Another thing to take into consideration is how the end product will taste. If it is something that you like, it could be hard to replicate because you don't know how much yeast was used. It would be best to wash the yeast and pitch a controlled amount.

As for washing yeast, I try not to on any higher abv beers or anything with a decent amount of hops. This helps ensure I'm getting healthy, unstressed yeast. For example, my next brew will be 10gal of an American wheat ~5.0ABV and 20-30Ibu. Should net me 8 jars of healthy yeast that I can use to make staters for a beer of any gravity
 
Do NOT rack onto the cake. That would be a massive over-pitch. Going down in gravity just makes the over-pitch much worse.

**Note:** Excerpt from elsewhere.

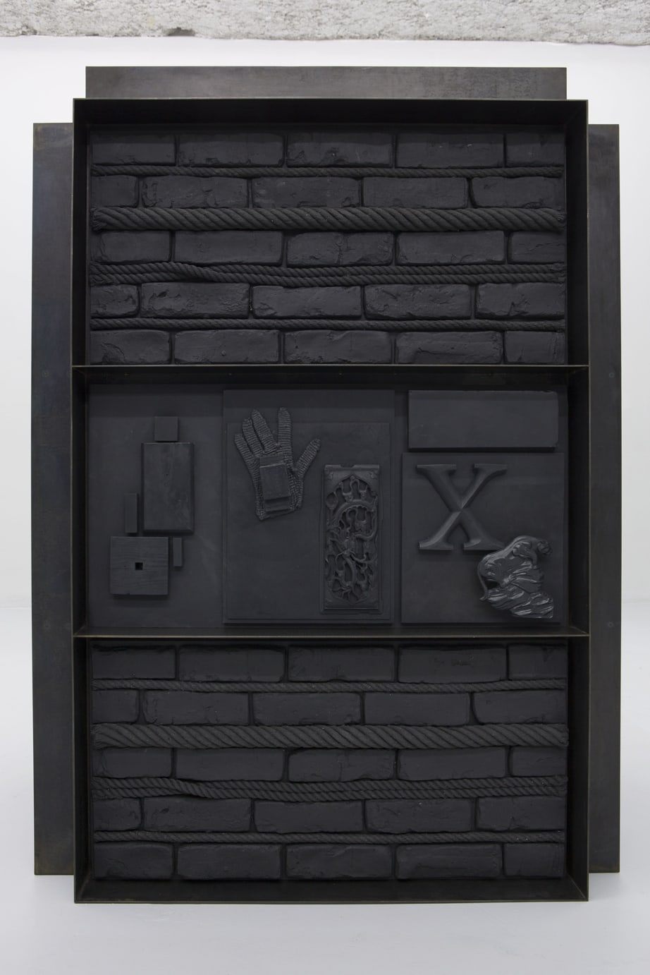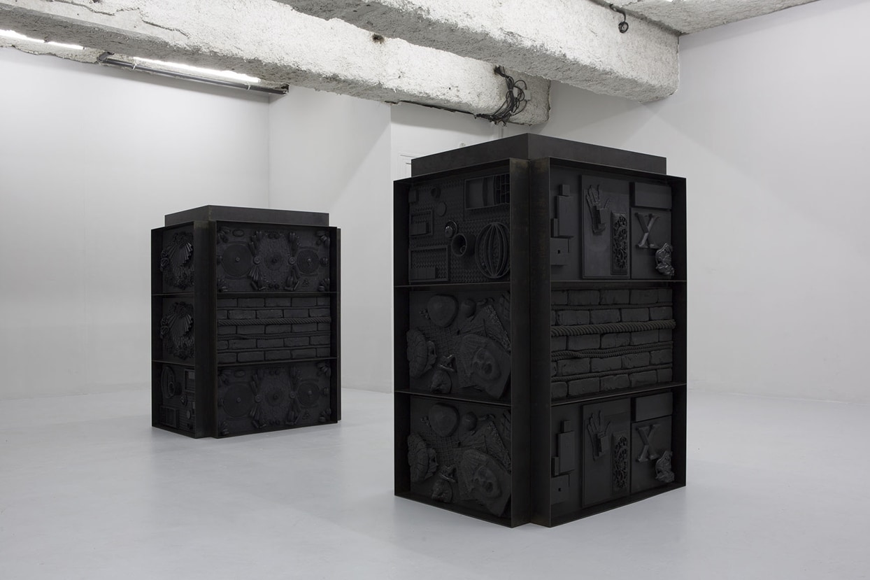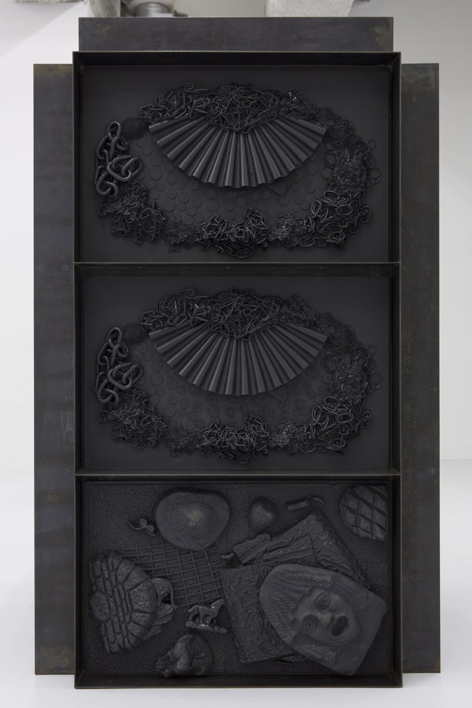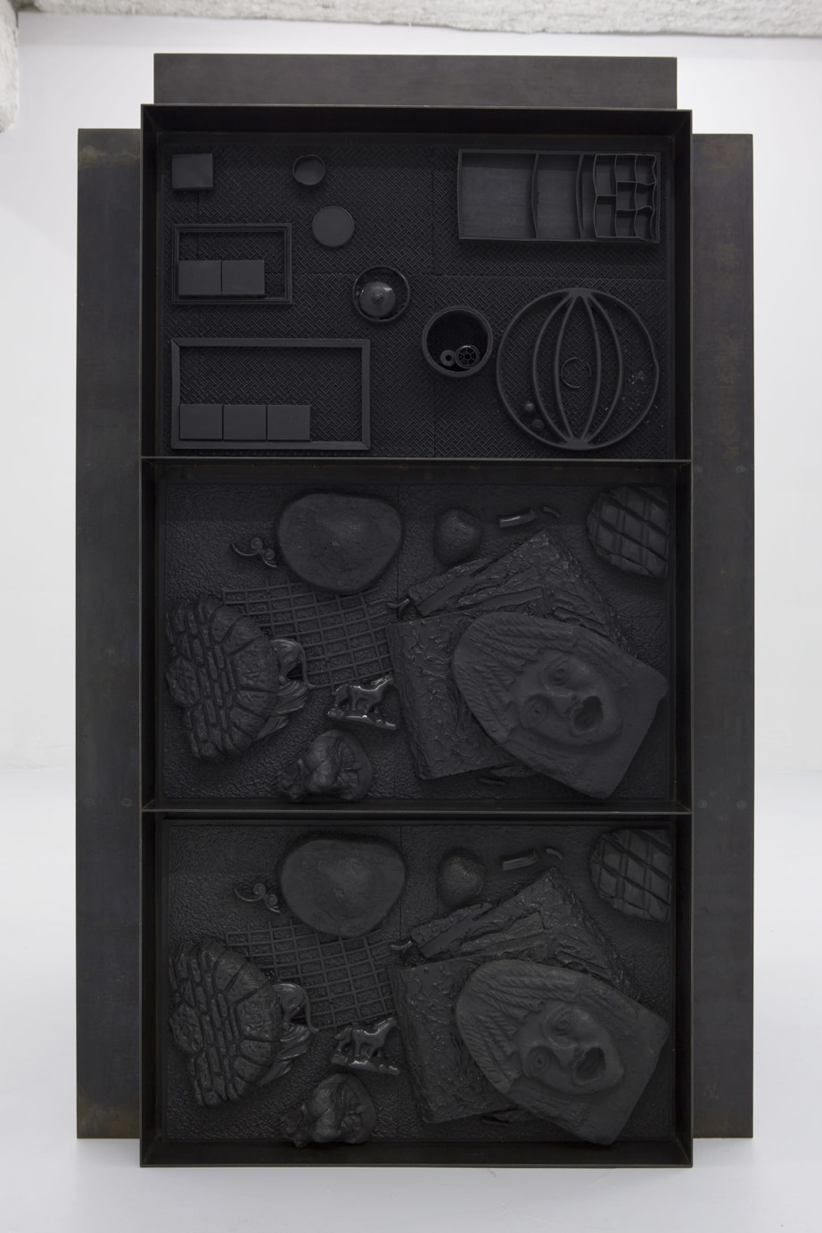 Cette nouvelle série de sculptures, librement inspirée des Concept-tableaux d’Edward Kienholz God Box n. 1, n. 2, n. 3 (1963), consiste en des boîtes fermées de «dimensions proches de celles de l’Accumulateur d’Orgone de Willem Reich» (142 x 106 x 88 cm) et partitionnées de compositions d’objets moulées en élastomère de polyuréthane. Les structures sont en acier teinté et les panneaux, qui peuvent évoquer les bas-reliefs des portes d’églises, indiquent un intérêt pour la production sérielle, la répétition et la différence: il y a sept compositions de trois dimensions différentes, offrant autant de combinatoires possibles.

Take about a quarter or less of the cake and pitch onto that. Really, no more than a quarter, and less is better. That cake probably has somewhere in the region of 8X the recommended amount of cells for pitching into this lower gravity beer.

Don't worry about the yeast being tired. If you pitch about the right amount, it will reproduce and make fresh new yeast to ferment your new beer. If you over-pitch, you will get very few new yeast, and the cells will be tired.

Don't worry about the hops, they are well spent, and should not be an issue.